En Los tres padrinos la casa en la que nacerá el pequeño ha quedado reducida a una
desvencijada carreta abandonada en medio del desierto. También allí gobierna una mujer, la
que próximamente dará a luz. Y los forajidos que han de ayudarla en este trance titubean
antes de entrar. Es como si temiesen violar un espacio que les resulta ignoto. Cuando
finalmente acceden han de desprenderse antes de sus pistolas, o lo que es lo mismo, dejan su
esencia a las puertas, se transforman en algo diferente a lo que son, asumen una identidad
distinta a la que los constituye. Ese gesto representa, sin duda, una de las cumbres del cine
de John Ford.
Por lo tanto las casas, aunque las construya el héroe
fordiano, son siempre para una mujer. Puede ser o no conocida, puede que en el momento de
su edificación aún no exista, o que ni siquiera esté como tal mujer en la mente del
constructor, pero siempre será ella quien le dé su razón de ser. En La diligencia Ringo posee
una casa en México, pero esa casa permanecerá vacía hasta que el vaquero encuentre a su
amada. Sólo entonces cobra pleno sentido su ocupación. Ringo se establecerá en ella alentado
por la pareja que ha encontrado. Es la manera de abandonar su azarosa vida anterior y dotar
de significado a su propiedad.
Sin embargo, la mayoría de las veces ese momento no llega, y entonces la casa deviene
superflua. En El hombre que mató a Liberty Valance, Tom Doniphon no llega a terminar nunca
la habitación que está construyendo para Hallie. En el momento en que toma conciencia de
que ella se le escapa ya no existe razón alguna para continuar, y prende fuego a la casa. La
mujer es por tanto el único lazo que puede hacer que el vaquero se recluya entre cuatro
paredes. Si esa mujer desaparece las casas se convierten en construcciones absurdas y no
cabe otra opción que abandonarlas o destruirlas. Las casas se alzan así en la antítesis de la
libertad, y las mujeres en el reclamo que intenta someterla.
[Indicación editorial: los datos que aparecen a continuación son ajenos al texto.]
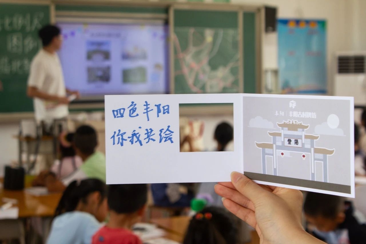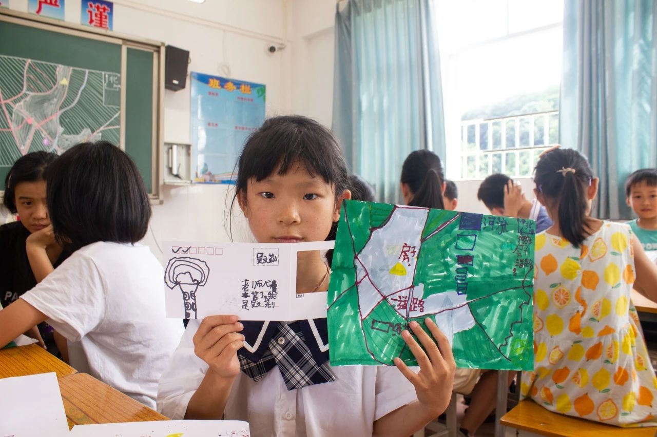 实践团成员首先用生动的案例和有趣的问题引导小朋友们走进了“地图的世界”,接着用简洁易懂的语言深入浅出的阐述了绘制地图的三大要素,随后手把手带领小朋友们用色彩斑斓的画笔一步一步地手绘出丰阳镇地图。小朋友们纷纷表示“原来,画地图也能如此有趣”。实践团还精心准备了满载丰阳风情的原创明信片,作为孩子们创意与努力的见证。孩子们兴奋地拿起笔,将对家乡的深情厚谊化作一行行稚嫩却真挚的文字,寄托在明信片之上。这不仅是对家乡的祝福,更是心灵深处美育之花的悄然绽放。实践团以专业为翼,以热爱为帆,将美育的种子播撒在丰阳的土地上,生动诠释了“以美育人、以美化人、以美润心、以美培元”的深刻内涵。
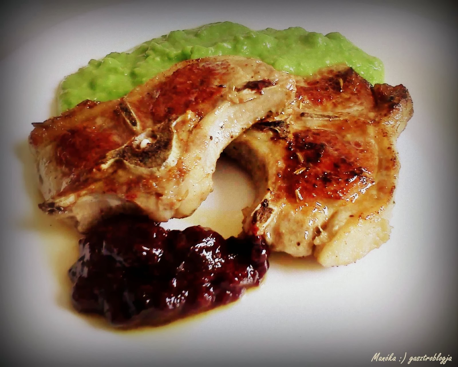 A bárányt sütés előtt szobahőmérsékleten pihentettem fél órát, majd bepácoltam kb 2 evőkanál olívaolaj + rozmaring + szárított fokhagyma + kevés bors keverékébe. A grillserpenyő alá jó nagy lángon begyújtottam és forróra hevítettem. A forró serpenyőben oldalukon 3-3 perc alatt a bordákat megsütöttem. Nagyon finom, ropogós kérget kapott így a hús és nagyon omlóSZ lett 🙂 Miután megsült, kiszedtem, és kb. 5 perc pihentetés után tálaltam a zöldborsóval és egy evőkanál felmelegített házi szilvalekvárral. A bárányt csak közvetlenül a fogyasztás előtt sóztuk.
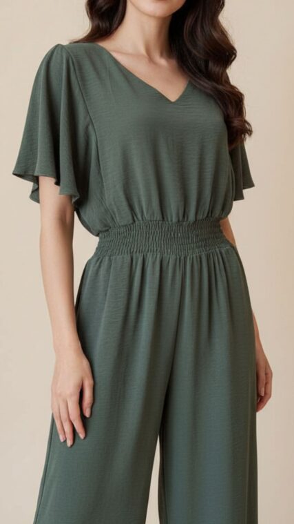 Vestido estampado vuelo en manga Verde Beige LD3907
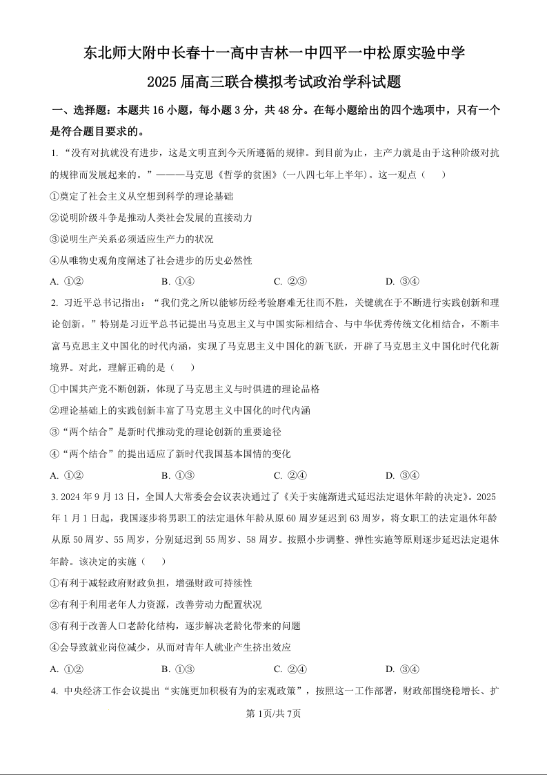 吉林省东北师大附中(五校联考)20224-2025学年上学期1月高三期末考试政治(原卷版)
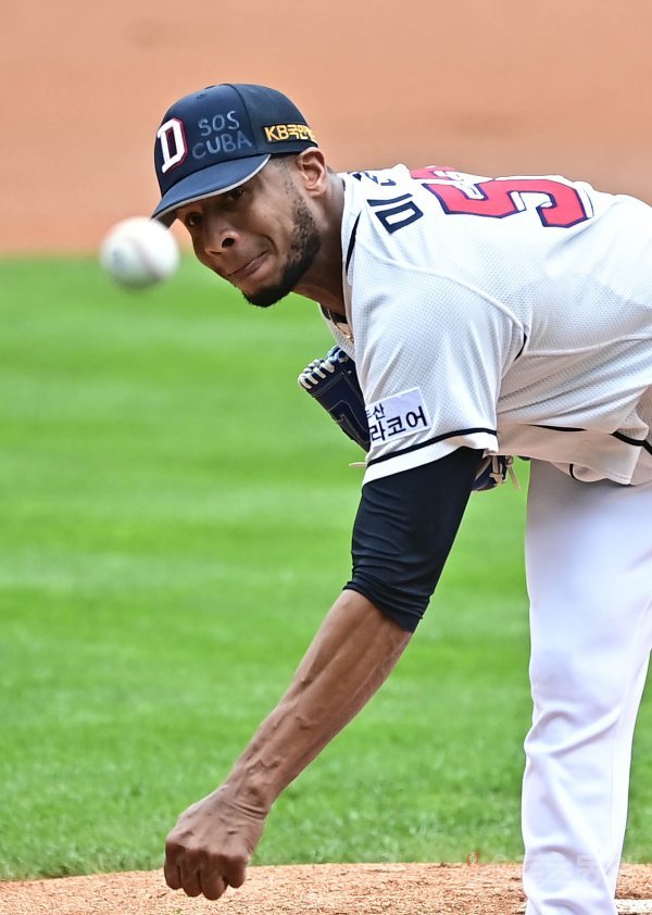1일 서울 잠실야구장에서 열린 ‘2021 신한은행 SOL KBO리그’에서 두산 베어스와 KIA 타이거즈의 더블헤더 1차전 경기에서 선발 투수로 마운드에 오른 두산 미란다가 역투하고 있다.
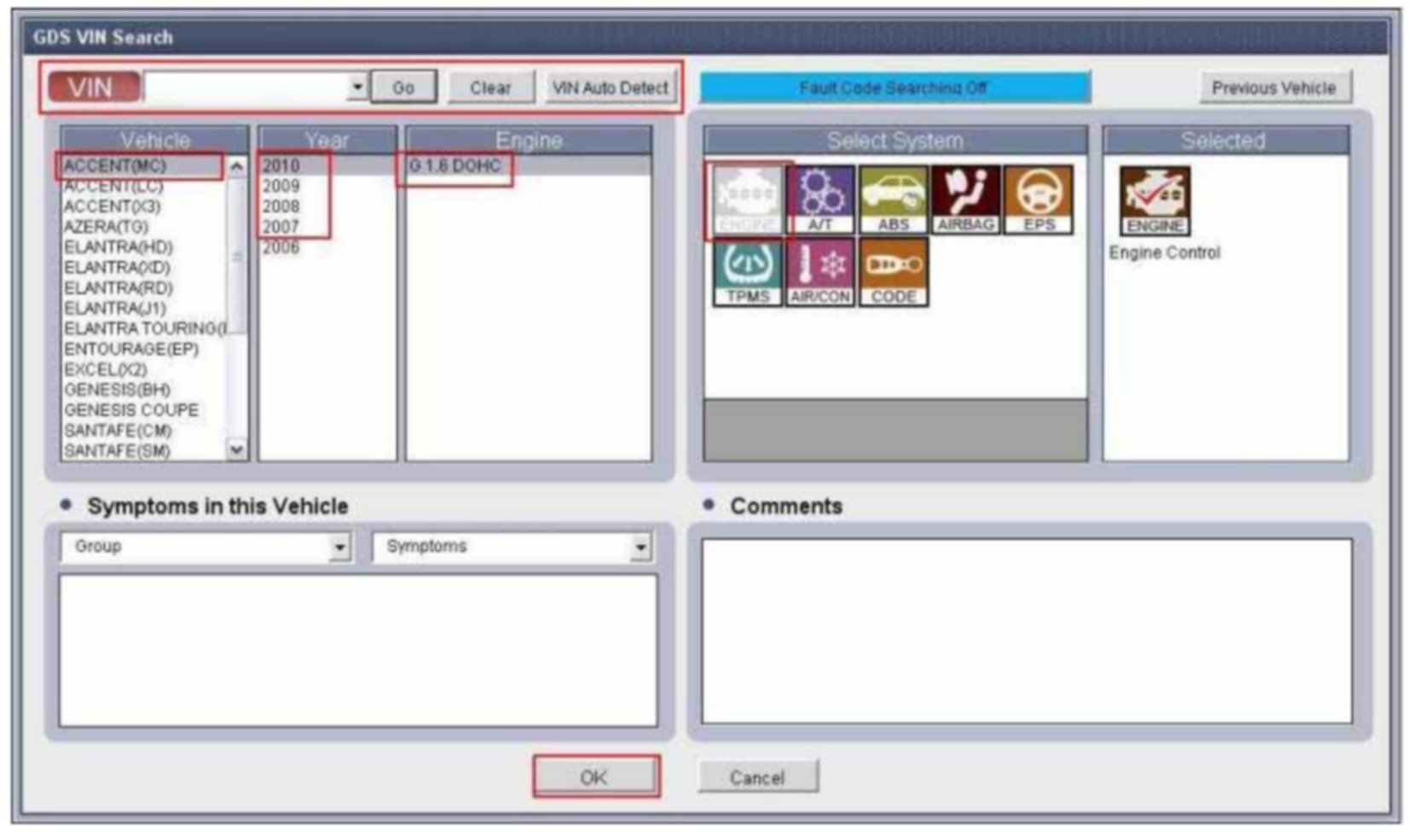 2. Enter the vehicle information by pressing the VIN Auto Detect button, entering the vehicle's VIN or selecting the vehicle model, model year, engine/fuel type and ENGINE as the system and then click OK.
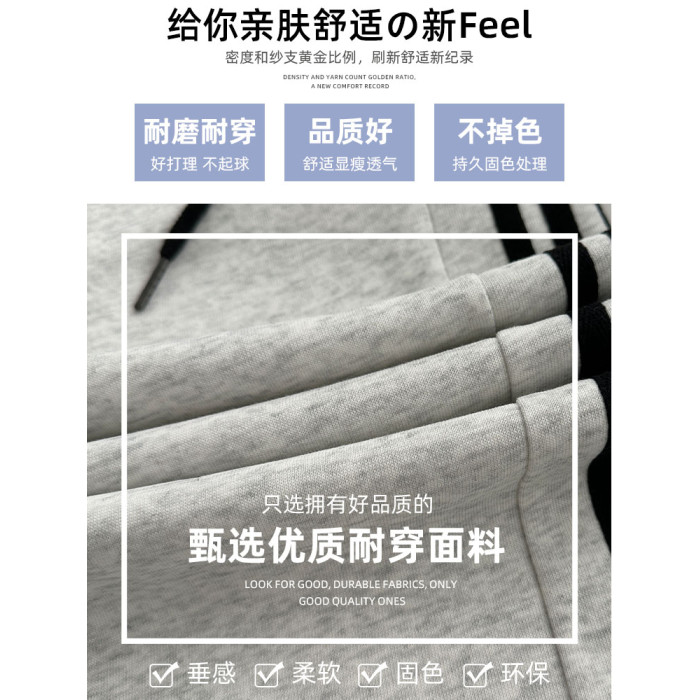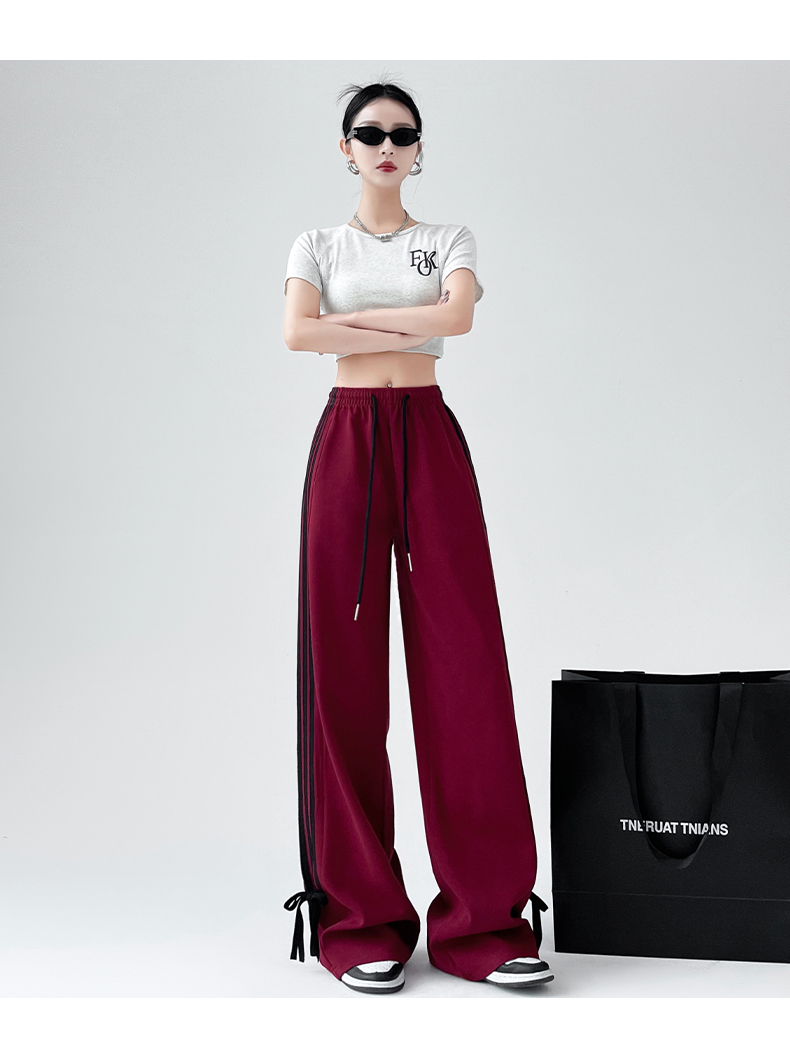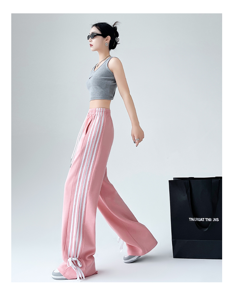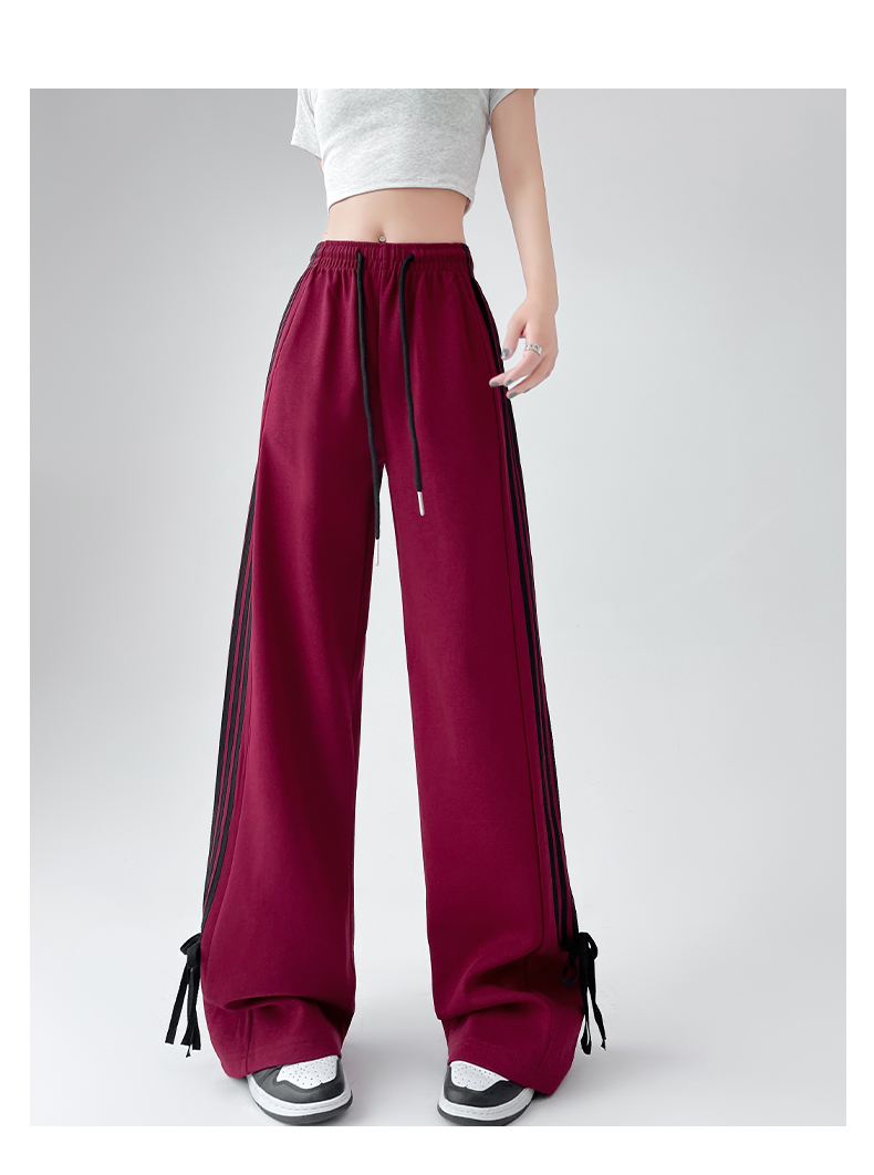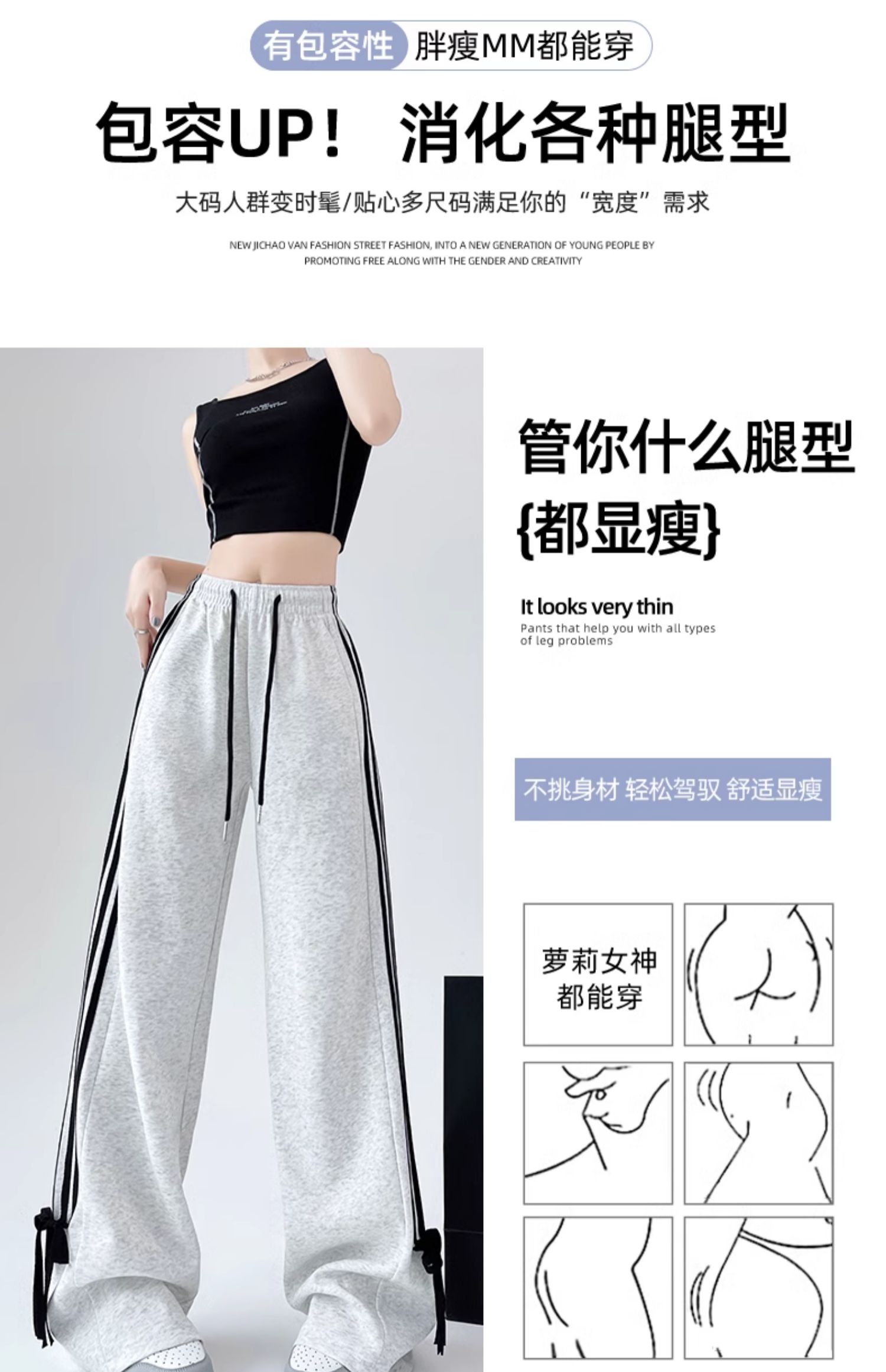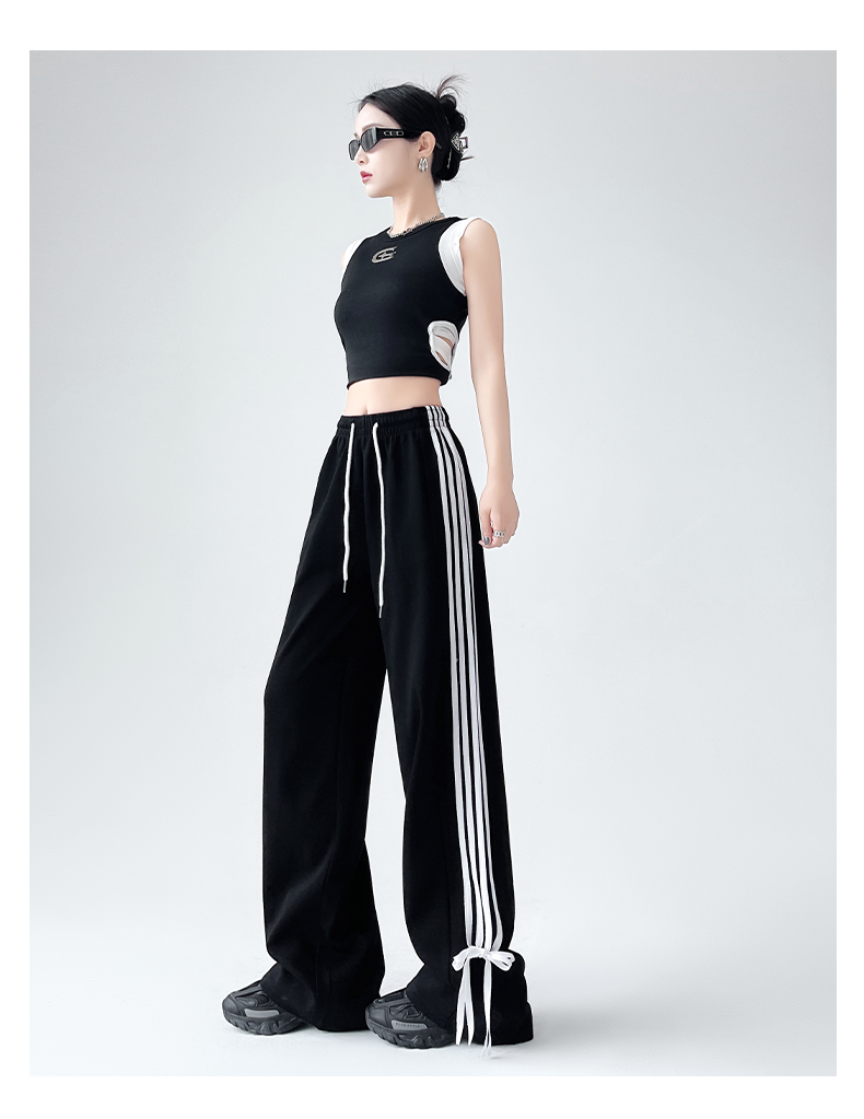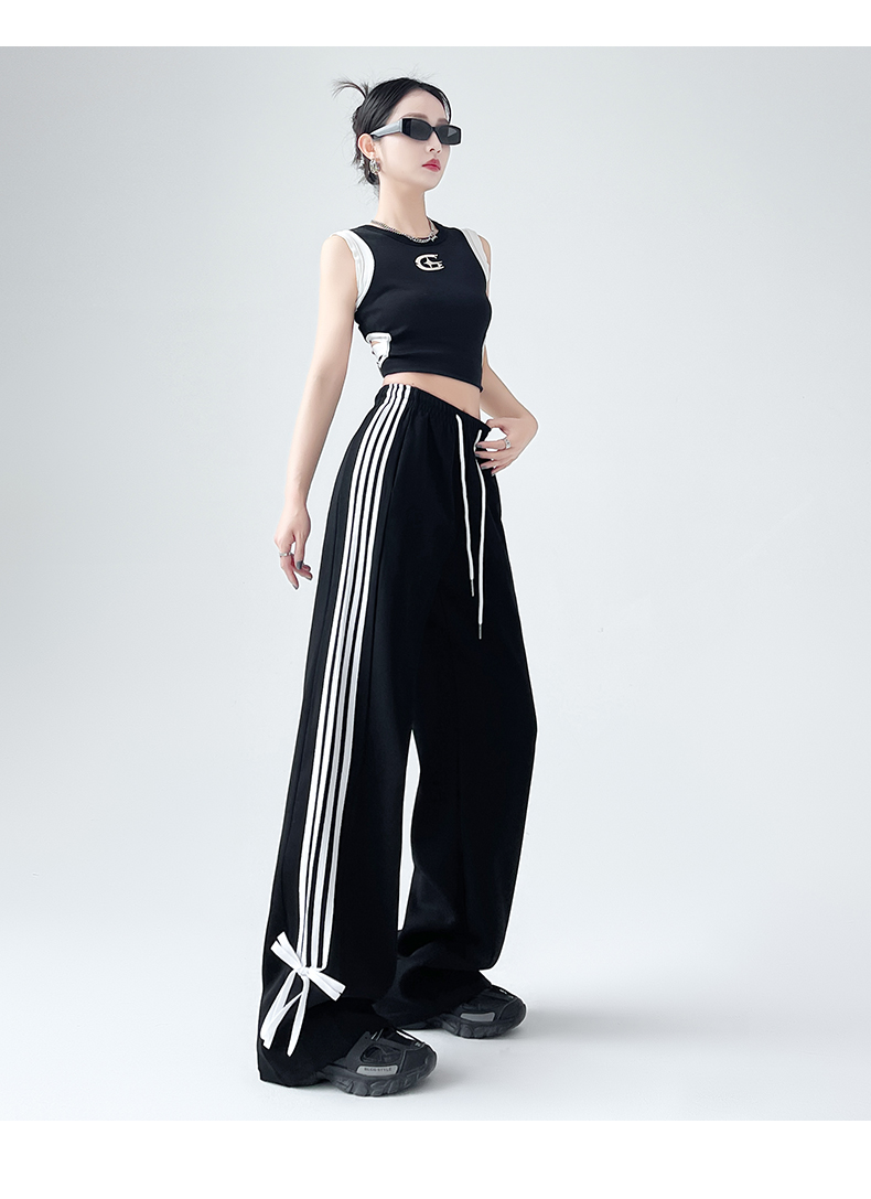 灰色運動褲女直筒秋季2025年新款休閒蝴蝶結條紋濶腿褲小個子衛褲
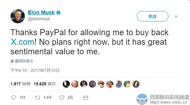 肥水不流外人田!极品域名X.COM又被Paypal前创始人买了回去西部数码(west.cn)7月11日消息,上周我们报道全球知名支付工具Paypal疑似出售了极品单字符域名X.COM。近日,外媒曝出,该域名原来又被Paypal的前创始人Elon Musk买了回去,这可真是肥水不流外人田呐!

Pero cometeríamos un error si pensáramos esta situación del héroe fordiano sólo en términos
de víctima involuntaria. El lazo femenino es en ocasiones gozosamente aceptado, y entonces
el vaquero cambiará su vida: es lo que quería hace Ford con Wyatt Earp al final de Pasión de
los fuertes, intentando que el viejo sheriff se quedara con Clementine, aunque la producción
le impuso el final en el que Earp se marcha. Es lo que ocurre también con Ringo en La
diligencia, alejándose hacia su casa en México, o es lo que a pesar de sus dudas y zozobras,
hubiera querido hacer Guthrie McCabe en Dos cabalgan juntos, si no fuera porque su lugar lo
encuentra ocupado por otro, una nueva presa en manos de Belle.
Otras veces la libertad se impone, incluso con dolor. En Pasión de los fuertes, Doc Holliday ha
construido un remedo de hogar en la habitación de un hotel, y allí coloca sus escasos objetos
personales, entre los que no falta el recuerdo de Clementine. La conciencia de la pérdida no
es en absoluto gozosa, y sus desapariciones constantes llevan la impronta de la búsqueda
interminable, de la angustia perpetua. Sin embargo asumirlo no es menos lacerante. Cuando
Tom Doniphon quema su casa en construcción está otorgando la libertad a Hallie para que
acompañe a Ransom, y al mismo tiempo está ganando la suya propia, como la de los caballos
a los que abre la puerta del cercado (otro de los momentos excelsos de la obra fordiana). Con
su gesto Doniphon no sólo está aceptando una realidad concreta y puntual, sino un modo de
ser, el suyo, el de los vaqueros condenados a deambular eternamente, aún siendo
consicientes de lo arduo que resulta ese modo de vida.